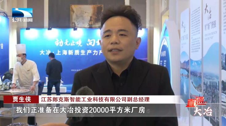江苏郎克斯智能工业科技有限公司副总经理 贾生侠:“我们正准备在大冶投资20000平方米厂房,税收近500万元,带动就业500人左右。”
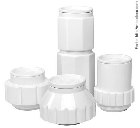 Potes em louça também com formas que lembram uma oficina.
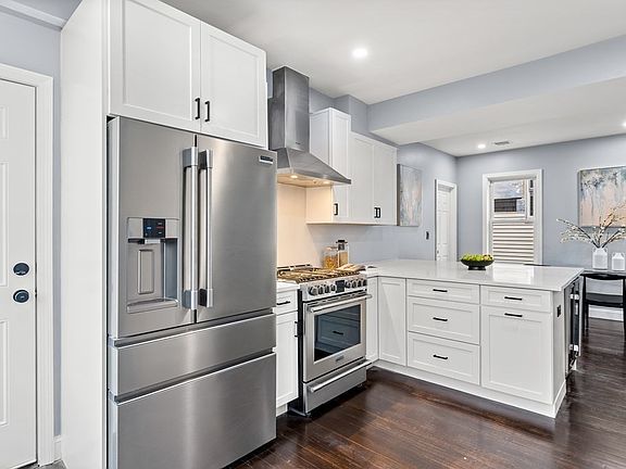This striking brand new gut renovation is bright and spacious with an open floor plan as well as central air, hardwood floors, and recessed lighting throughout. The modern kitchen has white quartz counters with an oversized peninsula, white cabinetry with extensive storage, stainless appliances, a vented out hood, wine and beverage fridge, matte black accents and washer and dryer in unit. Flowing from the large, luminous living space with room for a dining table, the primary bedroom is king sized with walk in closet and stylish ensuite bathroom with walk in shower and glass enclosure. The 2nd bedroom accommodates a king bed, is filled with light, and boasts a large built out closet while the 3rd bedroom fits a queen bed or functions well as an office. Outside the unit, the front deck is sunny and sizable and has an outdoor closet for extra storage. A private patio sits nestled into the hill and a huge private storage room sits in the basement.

◇ ◇ ◇ ◇ ◇

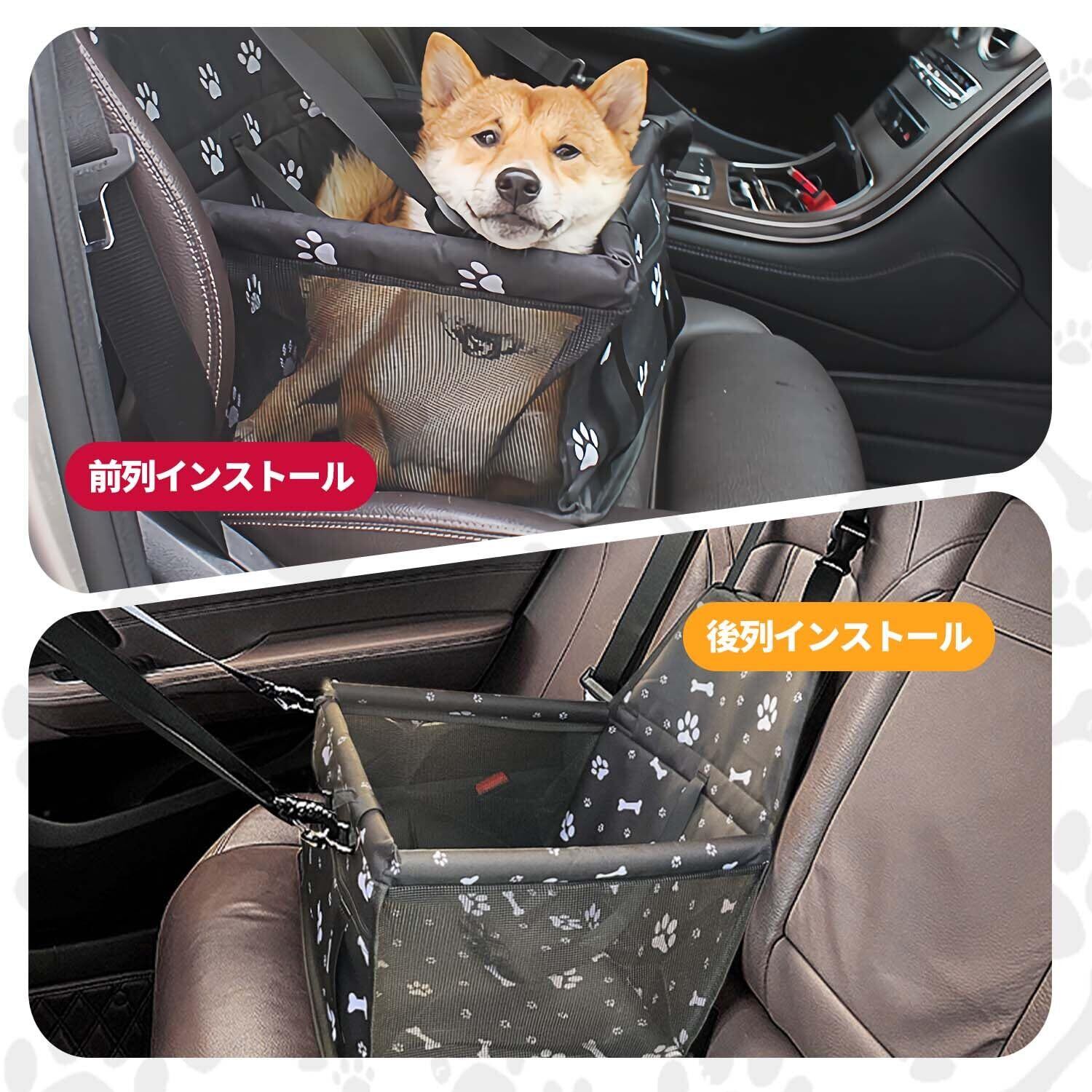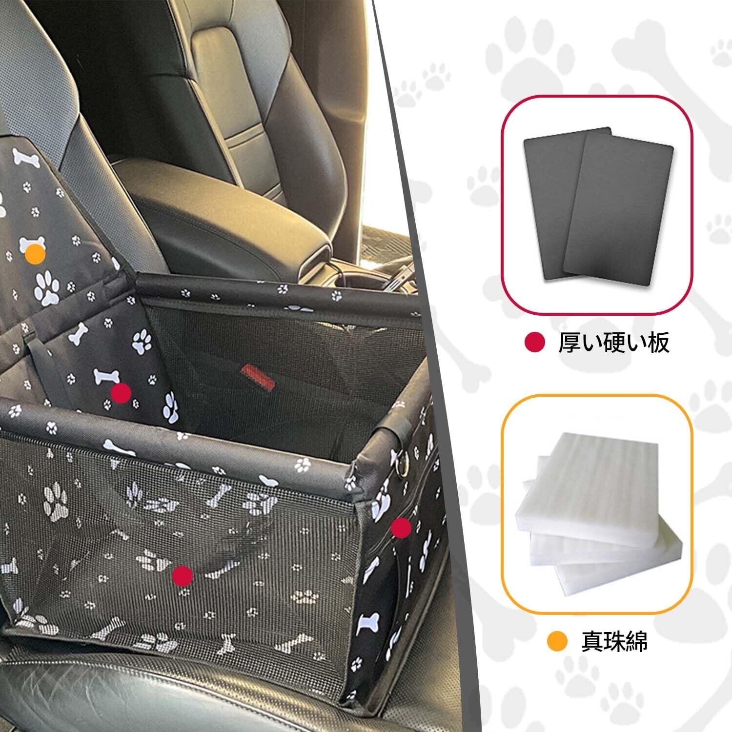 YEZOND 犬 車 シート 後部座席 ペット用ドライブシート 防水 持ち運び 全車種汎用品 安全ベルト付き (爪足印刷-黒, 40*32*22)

◇ ◇ ◇ ◇ ◇

WHAT IS REQUIRED: Your reply should consist solely of the lines above from the line containing "江苏郎克斯智能工业科技有限公" up to and including the line containing "This striking brand", reproduced exactly, minus the pictures.

EXERCISE OUTPUT:
江苏郎克斯智能工业科技有限公司副总经理 贾生侠:“我们正准备在大冶投资20000平方米厂房,税收近500万元,带动就业500人左右。”
 Potes em louça também com formas que lembram uma oficina.
This striking brand new gut renovation is bright and spacious with an open floor plan as well as central air, hardwood floors, and recessed lighting throughout. The modern kitchen has white quartz counters with an oversized peninsula, white cabinetry with extensive storage, stainless appliances, a vented out hood, wine and beverage fridge, matte black accents and washer and dryer in unit. Flowing from the large, luminous living space with room for a dining table, the primary bedroom is king sized with walk in closet and stylish ensuite bathroom with walk in shower and glass enclosure. The 2nd bedroom accommodates a king bed, is filled with light, and boasts a large built out closet while the 3rd bedroom fits a queen bed or functions well as an office. Outside the unit, the front deck is sunny and sizable and has an outdoor closet for extra storage. A private patio sits nestled into the hill and a huge private storage room sits in the basement.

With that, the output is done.